Others tell us that they are sure that the only reason donors go
through the procedure is for the
money. Consequently, they
view donors as decidedly unsavory.
Probably you too wonder who the donors are and why they do the
procedure. You probably harbor
some misconceptions about donors and would really like to get a sense of who
your donor could be. We have
interviewed about 2000 potential donors.
Although each donor is a unique person, with a set of characteristics
and experiences that are uniquely her own, we can make some generalizations
about donors
·
Many donors have
family or close friends who have experienced infertility or adoption.
·
Most donors have confidence that their bodies work
right. In contrast to recipients,
who often feel that their bodies "betray them", donors report that
their bodies can withstand physical and emotional stress.
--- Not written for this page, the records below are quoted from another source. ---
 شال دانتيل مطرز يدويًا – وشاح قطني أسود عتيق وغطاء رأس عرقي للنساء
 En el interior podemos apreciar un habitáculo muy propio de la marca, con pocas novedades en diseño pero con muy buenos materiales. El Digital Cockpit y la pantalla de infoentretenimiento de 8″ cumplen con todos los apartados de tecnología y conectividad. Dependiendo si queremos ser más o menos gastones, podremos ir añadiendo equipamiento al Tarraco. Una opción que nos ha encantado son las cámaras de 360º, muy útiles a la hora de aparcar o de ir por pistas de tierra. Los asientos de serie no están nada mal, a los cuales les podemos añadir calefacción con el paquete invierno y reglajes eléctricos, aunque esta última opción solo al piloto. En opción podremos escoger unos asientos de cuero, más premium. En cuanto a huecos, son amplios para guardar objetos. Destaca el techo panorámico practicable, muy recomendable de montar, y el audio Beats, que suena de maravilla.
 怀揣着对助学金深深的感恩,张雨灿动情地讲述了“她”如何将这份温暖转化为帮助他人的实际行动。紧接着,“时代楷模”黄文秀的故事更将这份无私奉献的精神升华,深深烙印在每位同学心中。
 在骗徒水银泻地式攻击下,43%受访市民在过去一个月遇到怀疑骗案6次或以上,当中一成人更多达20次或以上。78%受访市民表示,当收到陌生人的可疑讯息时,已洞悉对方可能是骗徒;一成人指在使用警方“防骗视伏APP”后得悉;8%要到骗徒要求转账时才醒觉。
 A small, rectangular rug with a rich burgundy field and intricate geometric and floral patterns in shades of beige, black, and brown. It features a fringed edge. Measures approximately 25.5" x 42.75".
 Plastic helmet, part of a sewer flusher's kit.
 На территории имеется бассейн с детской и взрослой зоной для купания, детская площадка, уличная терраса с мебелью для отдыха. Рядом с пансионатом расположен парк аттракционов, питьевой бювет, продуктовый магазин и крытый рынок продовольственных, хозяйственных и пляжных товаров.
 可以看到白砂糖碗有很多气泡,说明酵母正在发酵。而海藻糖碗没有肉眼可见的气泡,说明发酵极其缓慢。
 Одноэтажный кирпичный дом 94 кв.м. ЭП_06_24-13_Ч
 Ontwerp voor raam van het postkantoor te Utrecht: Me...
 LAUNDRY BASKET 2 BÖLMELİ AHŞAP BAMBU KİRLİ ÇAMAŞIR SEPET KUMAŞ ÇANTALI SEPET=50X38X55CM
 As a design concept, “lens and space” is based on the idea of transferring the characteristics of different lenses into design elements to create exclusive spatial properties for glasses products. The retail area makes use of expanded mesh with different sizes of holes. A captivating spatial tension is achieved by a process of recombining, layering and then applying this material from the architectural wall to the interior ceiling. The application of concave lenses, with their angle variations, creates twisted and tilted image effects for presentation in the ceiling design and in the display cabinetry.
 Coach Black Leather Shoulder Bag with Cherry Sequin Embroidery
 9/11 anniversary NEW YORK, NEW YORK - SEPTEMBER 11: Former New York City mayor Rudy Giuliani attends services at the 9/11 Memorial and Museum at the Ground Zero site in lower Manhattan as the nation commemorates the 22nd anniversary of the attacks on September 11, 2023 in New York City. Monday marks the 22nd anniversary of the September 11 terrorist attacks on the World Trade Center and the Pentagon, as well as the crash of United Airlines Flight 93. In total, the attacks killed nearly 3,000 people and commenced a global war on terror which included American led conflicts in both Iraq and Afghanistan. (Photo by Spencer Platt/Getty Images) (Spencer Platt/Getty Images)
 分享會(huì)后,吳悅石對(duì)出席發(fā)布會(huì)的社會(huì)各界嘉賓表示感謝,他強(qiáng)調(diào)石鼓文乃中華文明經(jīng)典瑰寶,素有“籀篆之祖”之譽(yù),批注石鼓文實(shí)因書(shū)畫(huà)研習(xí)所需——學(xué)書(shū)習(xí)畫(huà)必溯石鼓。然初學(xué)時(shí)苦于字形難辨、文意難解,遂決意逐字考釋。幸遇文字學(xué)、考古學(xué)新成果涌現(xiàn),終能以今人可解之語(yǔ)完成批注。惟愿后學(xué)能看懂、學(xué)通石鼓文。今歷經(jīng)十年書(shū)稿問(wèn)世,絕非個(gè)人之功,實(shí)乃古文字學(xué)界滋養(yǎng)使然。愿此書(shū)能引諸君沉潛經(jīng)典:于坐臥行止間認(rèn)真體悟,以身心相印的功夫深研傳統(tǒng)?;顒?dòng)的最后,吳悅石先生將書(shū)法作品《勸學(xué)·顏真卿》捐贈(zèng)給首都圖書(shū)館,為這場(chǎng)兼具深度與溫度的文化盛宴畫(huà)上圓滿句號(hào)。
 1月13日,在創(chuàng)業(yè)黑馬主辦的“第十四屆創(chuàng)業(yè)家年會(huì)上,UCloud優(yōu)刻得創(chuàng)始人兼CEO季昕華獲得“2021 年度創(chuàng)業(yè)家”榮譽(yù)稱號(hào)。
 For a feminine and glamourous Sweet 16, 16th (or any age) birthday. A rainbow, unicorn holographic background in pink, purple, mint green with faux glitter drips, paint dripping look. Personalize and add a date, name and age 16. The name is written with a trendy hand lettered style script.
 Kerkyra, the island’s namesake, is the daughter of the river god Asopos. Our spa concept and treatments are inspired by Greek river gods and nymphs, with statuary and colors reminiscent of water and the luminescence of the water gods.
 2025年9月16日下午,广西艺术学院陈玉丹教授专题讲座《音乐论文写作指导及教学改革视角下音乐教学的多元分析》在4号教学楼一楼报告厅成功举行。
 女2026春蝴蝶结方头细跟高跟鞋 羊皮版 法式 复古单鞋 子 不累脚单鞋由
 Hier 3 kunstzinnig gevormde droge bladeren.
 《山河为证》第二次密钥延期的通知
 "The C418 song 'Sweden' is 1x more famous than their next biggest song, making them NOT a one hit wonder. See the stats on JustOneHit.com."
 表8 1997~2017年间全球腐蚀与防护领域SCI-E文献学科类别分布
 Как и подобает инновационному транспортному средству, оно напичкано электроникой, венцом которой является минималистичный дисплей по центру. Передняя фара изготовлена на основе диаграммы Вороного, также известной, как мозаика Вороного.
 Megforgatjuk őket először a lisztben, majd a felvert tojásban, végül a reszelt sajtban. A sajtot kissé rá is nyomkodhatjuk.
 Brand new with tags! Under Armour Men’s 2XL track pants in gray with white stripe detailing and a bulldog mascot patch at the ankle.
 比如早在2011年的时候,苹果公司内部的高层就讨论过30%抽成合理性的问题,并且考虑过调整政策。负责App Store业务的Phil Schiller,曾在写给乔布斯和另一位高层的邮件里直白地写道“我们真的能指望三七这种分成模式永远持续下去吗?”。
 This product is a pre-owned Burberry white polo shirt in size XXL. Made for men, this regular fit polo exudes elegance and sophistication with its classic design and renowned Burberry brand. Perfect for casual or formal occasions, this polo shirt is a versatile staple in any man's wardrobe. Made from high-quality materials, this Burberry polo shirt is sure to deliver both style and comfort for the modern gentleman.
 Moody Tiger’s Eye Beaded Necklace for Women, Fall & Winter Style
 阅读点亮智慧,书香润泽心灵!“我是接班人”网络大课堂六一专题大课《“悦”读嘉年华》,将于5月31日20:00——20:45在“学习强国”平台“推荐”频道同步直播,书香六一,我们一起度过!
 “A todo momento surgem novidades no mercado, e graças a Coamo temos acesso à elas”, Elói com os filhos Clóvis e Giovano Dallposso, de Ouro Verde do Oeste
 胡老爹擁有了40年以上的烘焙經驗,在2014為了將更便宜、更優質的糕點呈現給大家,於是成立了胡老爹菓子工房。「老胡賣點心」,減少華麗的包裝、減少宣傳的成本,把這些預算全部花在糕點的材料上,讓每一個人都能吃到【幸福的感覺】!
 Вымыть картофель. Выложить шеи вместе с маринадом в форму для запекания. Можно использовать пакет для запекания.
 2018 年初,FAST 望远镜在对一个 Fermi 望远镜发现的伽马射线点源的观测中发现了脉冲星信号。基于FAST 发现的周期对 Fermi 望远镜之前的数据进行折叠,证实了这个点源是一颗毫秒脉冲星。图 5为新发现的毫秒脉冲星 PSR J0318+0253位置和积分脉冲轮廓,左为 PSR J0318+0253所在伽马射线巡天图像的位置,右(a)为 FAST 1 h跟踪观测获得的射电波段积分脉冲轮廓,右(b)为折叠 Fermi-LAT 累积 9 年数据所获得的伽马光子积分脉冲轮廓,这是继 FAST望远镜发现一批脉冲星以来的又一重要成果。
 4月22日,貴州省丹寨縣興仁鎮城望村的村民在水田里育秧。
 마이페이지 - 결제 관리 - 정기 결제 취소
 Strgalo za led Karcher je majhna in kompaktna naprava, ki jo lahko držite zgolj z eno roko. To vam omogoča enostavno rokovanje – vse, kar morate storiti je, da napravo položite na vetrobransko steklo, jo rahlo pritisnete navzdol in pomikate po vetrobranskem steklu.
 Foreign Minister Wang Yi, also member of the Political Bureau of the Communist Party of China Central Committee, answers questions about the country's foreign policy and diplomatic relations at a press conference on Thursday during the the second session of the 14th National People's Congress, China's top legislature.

Donors tell us that they are up and around the day after
surgery or childbirth, that they never get sick, and require little sleep.
They don’t worry about the drugs or the retrieval.
·
Many donors are physical risk takers.
They state that their hobbies are ones like sky diving or rock
climbing. In contrast, recipients
often tell us that they are risk takers in life (like in business or their
career or finance or even emotionally), but would not say they are physical
risk takers
·
Most donors report that they are content with their
life and love their families. A
typical population of college women scores about 11 on a widely used measure
of depression, the Beck
Depression Scale--they are depressed[i].
College donors, in contrast, score under 5: they are not depressed.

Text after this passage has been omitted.